51:46 Where they're trying to learn from the experience of past shots and try to get some idea of predicting
51:51 whether how a future shot will, will perform.
51:54 Those are, you know, new things that are, that are happening.
51:57 Sort of, I think the, the two sides of it are, are probably those kinds of, those kinds of
52:01 high level things where you're trying to ask it, you know, big questions about, you know,
52:05 what would happen if I do this?
52:07 But there's, there's the other level of, of kind of using it to offload some of the big
52:12 numerical heavy lifting that we do all the time.
52:14 We run a lot of, you know, these simulations run massive calculations trying to, you know,
52:19 do the physics of these lasers shining into these, these whole rooms and such.
52:23 And some of those calculations could be learned by an inference engine and just maybe a simplified
52:28 version provided over and over, right?
52:31 And so there are several efforts being applied to that where, and basically training an agent
52:36 to just learn some part of, of how the simulation, you know, what the physical data the simulation
52:41 should provide.
52:42 I've worked on some of those things.
52:43 There's more of that going on.
52:45 There's more details to that as well.
52:47 I mean, the way we do our simulations, right, we divide, you know, you can sort of think
52:50 of our simulations or multi-physics simulations, like, you know, like an image, right?
52:54 An image divides, to make an image, you divide, divide it up into a whole bunch of little tiny
52:58 pixels, right?
52:59 And each pixel has a red, green, blue value.
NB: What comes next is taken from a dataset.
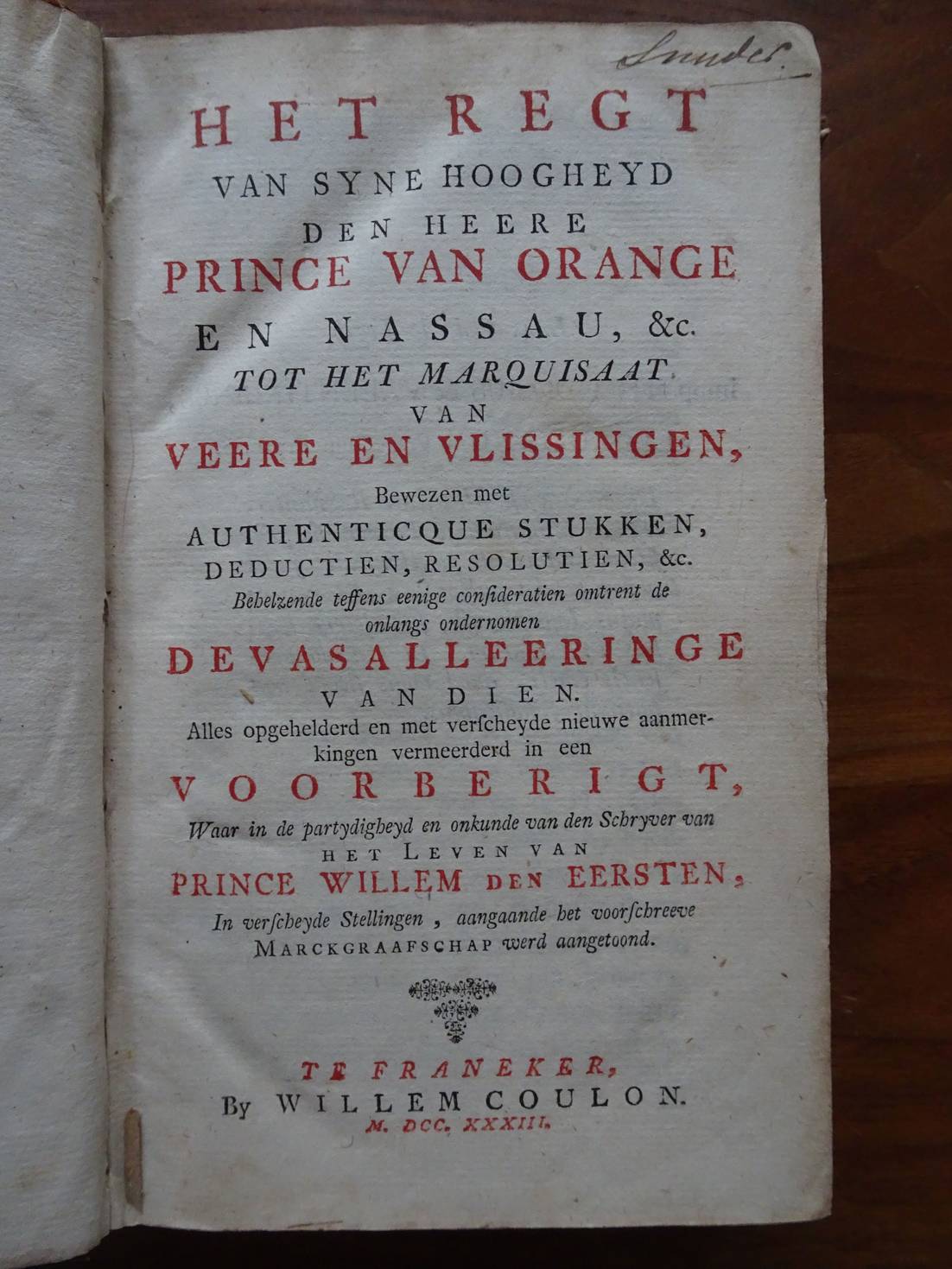 Het regt van syne Hoogheyd den Heere Prince van Orange en Nassau, &c. tot het Marquisaat van Veere en Vlissingen, bewezen met authenticque stukken, deductien, resolutien, &c. : behelzende teffens eenige consideratien omtrent de onlangs ondernomen Devasalleeringe vandien.

53:02 And that's what makes your image.
53:03 And we kind of do that with our, our simulations.
53:05 If you want to simulate a whole room with a capsule inside, you basically divide it up into
53:09 a whole bunch of little tiny pixels.
53:12 We call them nodes and we interconnect them with their nearest neighbors.
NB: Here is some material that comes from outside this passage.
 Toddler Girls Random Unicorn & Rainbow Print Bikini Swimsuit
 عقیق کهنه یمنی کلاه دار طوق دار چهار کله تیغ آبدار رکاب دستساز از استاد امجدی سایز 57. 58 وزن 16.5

53:15 So they create that links into a mesh.
53:17 And rather than having red, green, blue, we have physics attributes.
53:21 We tell it what it's made of.
53:23 That node is what it's made of, how hot it is, you know, things like that.
53:26 It's ionization state.
53:27 And then we run the laws of physics on all of these nodes as they talk to each other.
53:31 And then they, then that unfolds.
53:33 And so, but as you can imagine, if you have sort of a mesh of all these nodes, they can tangle
53:37 up and they can get all, all messed up.
53:39 And so one of the things that we do is we have, you know, a certain amount of algorithms
53:44 to try to keep that, that tangling from happening too much and crashing simulations.
53:49 So that's sort of an inside baseball thing, but that's one of the things that I'm, I'm one
53:54 of side projects I have, for instance, of, of actually using reinforcement learning to try
53:59 to figure out just by giving it a whole bunch of trials, you know, what's the best policy
54:04 for relaxing these, these nodes so that they don't crash a simulation.
54:09 These things just make simulations easier again, right?
54:12 And all of this, so you can ask, ask questions and explore more quickly and easily.
54:17 Right.
54:18 We all know how tricky even three body problems are in an orbiting system where they can become
54:24 chaotic.
54:24 And well, imagine, imagine this thing you're describing is the interactions are insane, right?
54:32 And so if you could get something to predict, you just say, here's, here's a million different
54:36 examples of what happened, how it started, how it started, how's it going?
54:40 Sort of examples.
54:41 Right, exactly.
54:41 You got it, you got it.
54:43 It started, we're thinking here, how's it going to go, right?
54:47 Right, right.
54:48 And of course, that's an experience in itself, right?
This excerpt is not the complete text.